TASK STATEMENT:
In the records that follow, the lines from the one containing "На сегодняшний день" to the one containing "Alliez caractère et", inclusive, are to be given again exactly.

SOURCE DATA:
▼▼▼

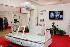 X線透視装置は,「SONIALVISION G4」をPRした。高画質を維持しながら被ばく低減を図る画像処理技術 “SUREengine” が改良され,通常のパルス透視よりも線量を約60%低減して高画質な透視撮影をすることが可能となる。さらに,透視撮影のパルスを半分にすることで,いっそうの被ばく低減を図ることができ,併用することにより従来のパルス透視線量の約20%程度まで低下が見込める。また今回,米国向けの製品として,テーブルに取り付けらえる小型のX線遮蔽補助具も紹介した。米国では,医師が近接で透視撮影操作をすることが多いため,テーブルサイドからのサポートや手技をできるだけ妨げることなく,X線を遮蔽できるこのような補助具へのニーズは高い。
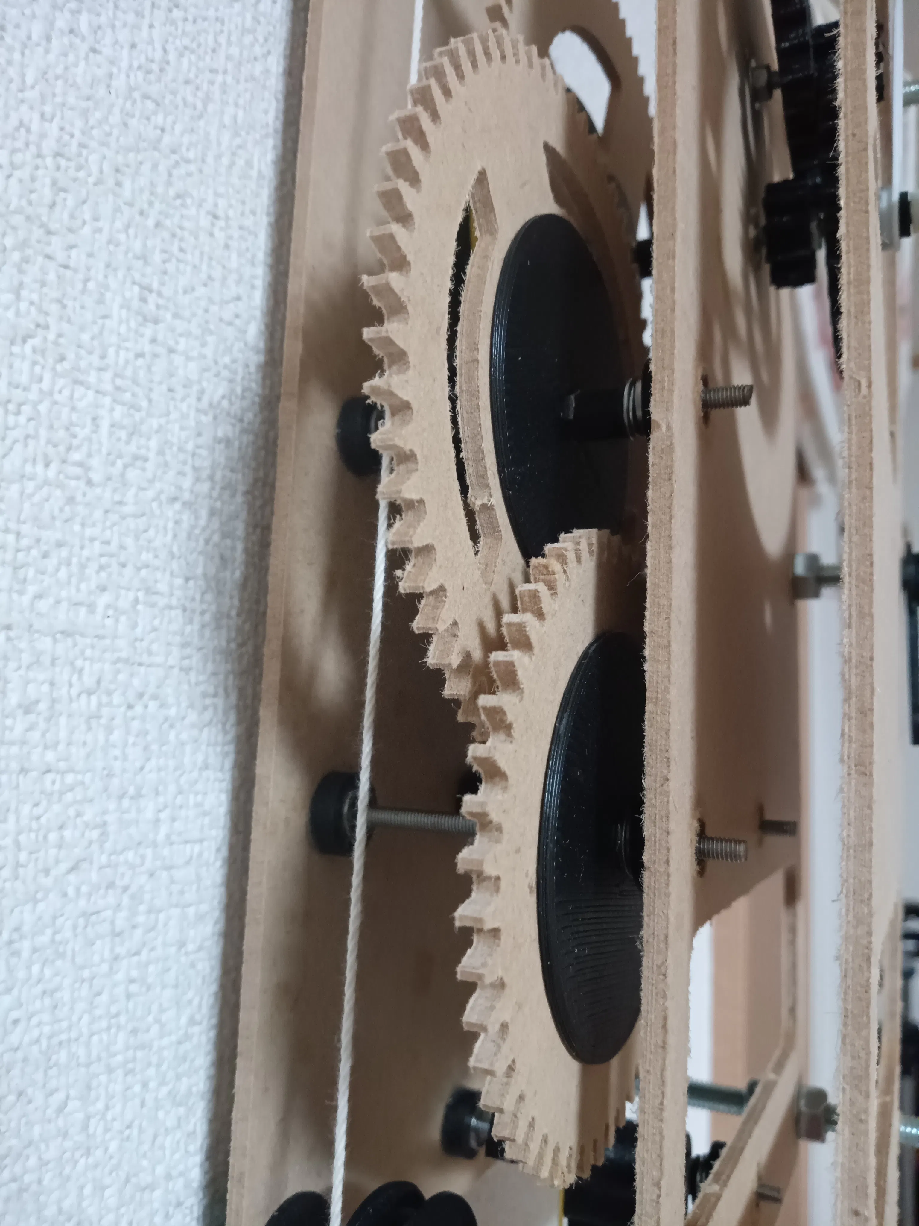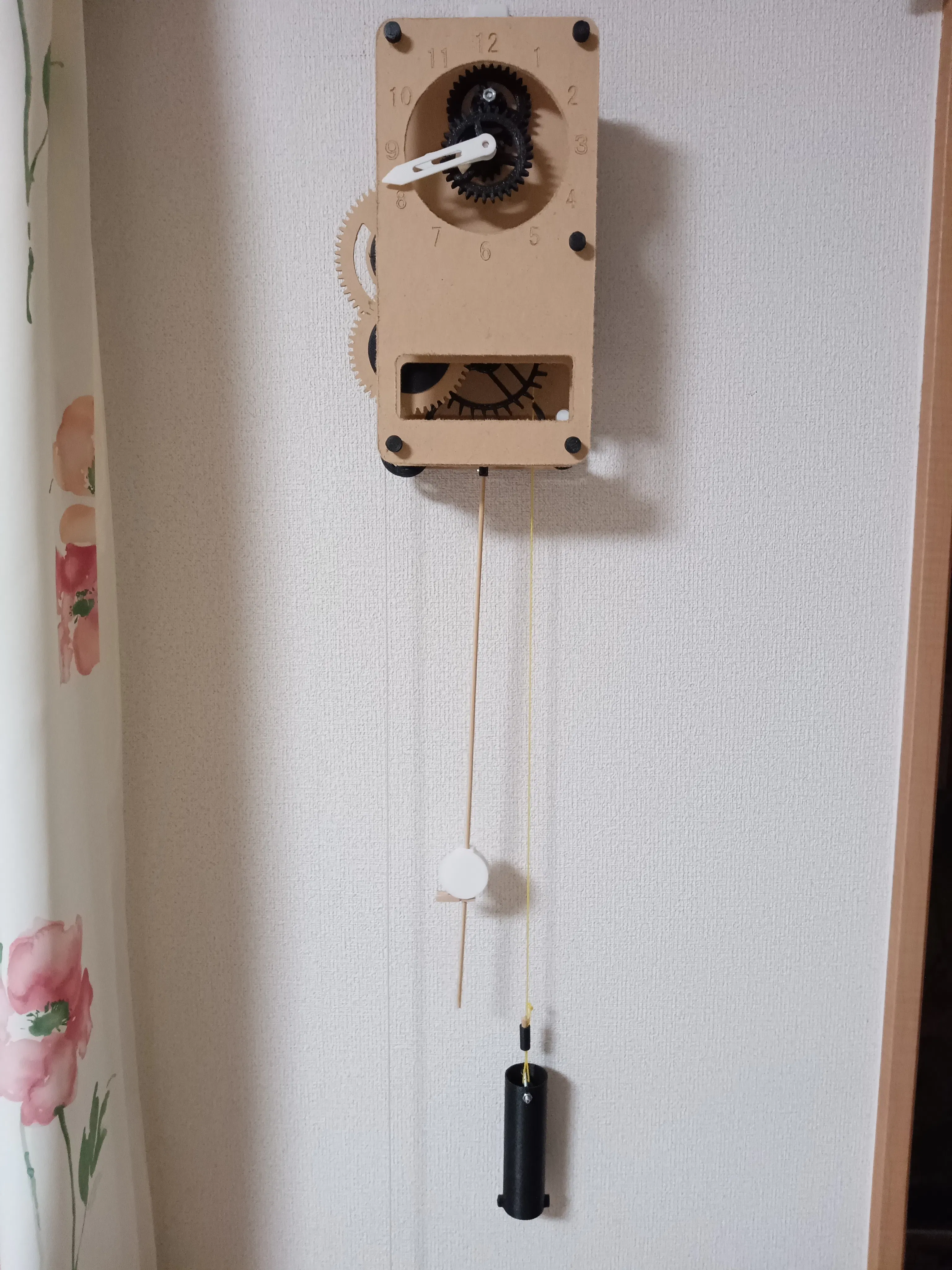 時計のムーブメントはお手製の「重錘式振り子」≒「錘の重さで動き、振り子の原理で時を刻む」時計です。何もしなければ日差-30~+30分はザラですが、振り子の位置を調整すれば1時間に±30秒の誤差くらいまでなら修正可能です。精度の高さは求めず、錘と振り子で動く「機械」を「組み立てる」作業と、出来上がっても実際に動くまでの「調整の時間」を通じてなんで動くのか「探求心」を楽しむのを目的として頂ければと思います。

▲▲▲
▼▼▼

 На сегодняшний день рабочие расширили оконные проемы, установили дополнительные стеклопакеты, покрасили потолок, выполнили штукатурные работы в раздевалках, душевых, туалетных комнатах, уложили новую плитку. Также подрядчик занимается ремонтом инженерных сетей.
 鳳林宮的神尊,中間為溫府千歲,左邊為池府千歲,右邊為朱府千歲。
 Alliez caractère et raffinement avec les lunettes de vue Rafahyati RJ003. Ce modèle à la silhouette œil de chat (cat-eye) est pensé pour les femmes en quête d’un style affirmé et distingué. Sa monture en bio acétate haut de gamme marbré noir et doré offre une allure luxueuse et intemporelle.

▲▲▲

SOLUTION TO THIS TASK:
 На сегодняшний день рабочие расширили оконные проемы, установили дополнительные стеклопакеты, покрасили потолок, выполнили штукатурные работы в раздевалках, душевых, туалетных комнатах, уложили новую плитку. Также подрядчик занимается ремонтом инженерных сетей.
 鳳林宮的神尊,中間為溫府千歲,左邊為池府千歲,右邊為朱府千歲。
 Alliez caractère et raffinement avec les lunettes de vue Rafahyati RJ003. Ce modèle à la silhouette œil de chat (cat-eye) est pensé pour les femmes en quête d’un style affirmé et distingué. Sa monture en bio acétate haut de gamme marbré noir et doré offre une allure luxueuse et intemporelle.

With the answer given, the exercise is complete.